AI Checker Hub

Monitoring Methodology

This page explains how status signals are produced so readers can judge fitness for their own workloads.

Check Cadence and Scope

Status Classification

Some provider endpoints require authentication by design. For this public monitor, authentication responses are treated as a reachability signal rather than full workload health validation.

Uptime Calculation

24-hour uptime is computed from the ratio of operational samples to total samples over the last 24 hours for each provider.

This is a coarse public signal. It does not represent every region, model route, account tier, or quota state.

Known Limitations

How We Build Composite Status

Public status is not taken from a single raw probe. We combine provider-level check outcomes, endpoint-level telemetry, and recent error patterns to produce a state that users can act on quickly. The intent is to reduce both false calm ("everything is fine") and false panic ("global outage") during noisy periods.

Latency Treatment and Why p95 Matters

We publish p50 and p95 to represent both typical and tail user experience. p50 can remain stable while p95 climbs sharply under congestion, which is often when users perceive an outage even if some requests still pass.

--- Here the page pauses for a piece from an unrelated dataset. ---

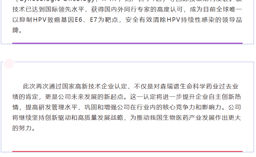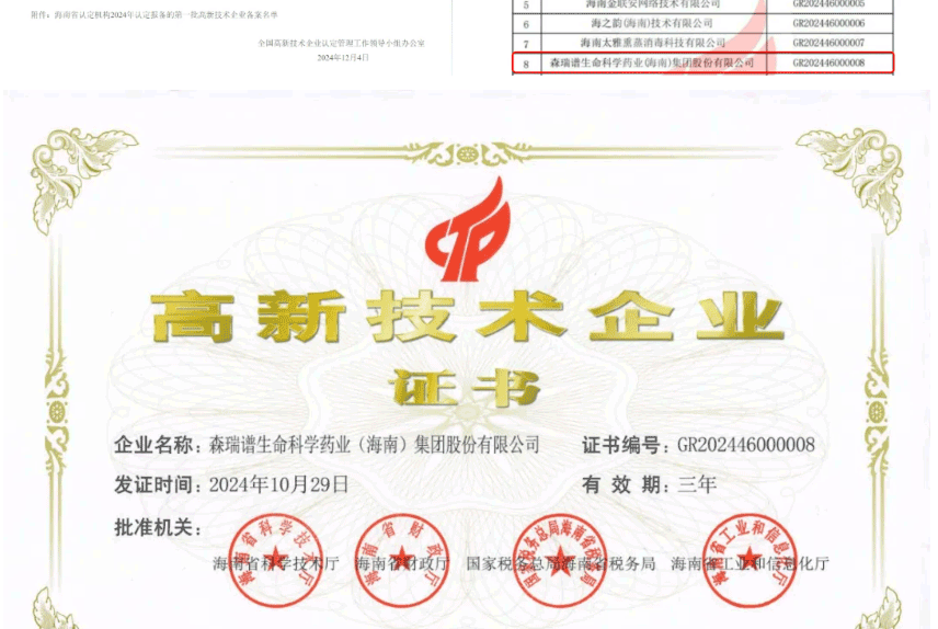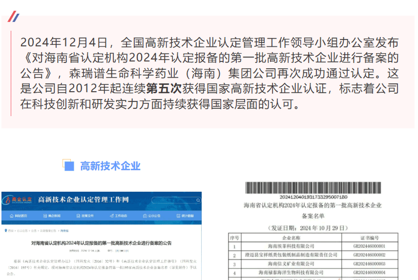 森瑞譜生命科學藥業(yè)第五次通過國家高新技術企業(yè)認證
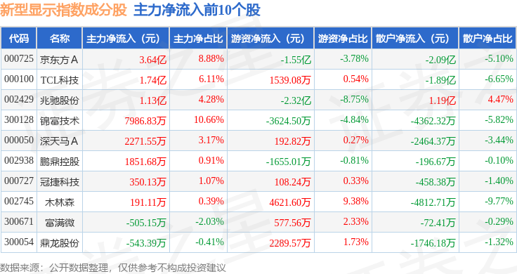资金流向方面,新型显示(970048)指数成份股当日主力资金净流出合计60.01亿元,游资资金净流入合计9.67亿元,散户资金净流入合计50.34亿元。成份股资金流向详情见下表:

For incident interpretation, p95 movement is weighted more heavily than p50 drift. This mirrors production behavior in interactive applications where tail latency drives timeout rates, retry storms, and user drop-off.

Incident Lifecycle Rules

Incident entries are derived from transitions in check state over time. An incident starts when monitored status leaves operational mode and ends when stability is restored for consecutive windows. Active incidents are shown before resolved incidents to prioritize operational response.

Data Quality Safeguards

We use defensive checks to avoid showing broken or misleading output when live data is temporarily unavailable. Pages fall back to cached snapshots with clear labeling so users know they are not viewing the latest stream.

We also cap malformed or missing values, validate payload shapes at runtime, and keep client-side rendering lightweight to reduce visual instability and loading regressions.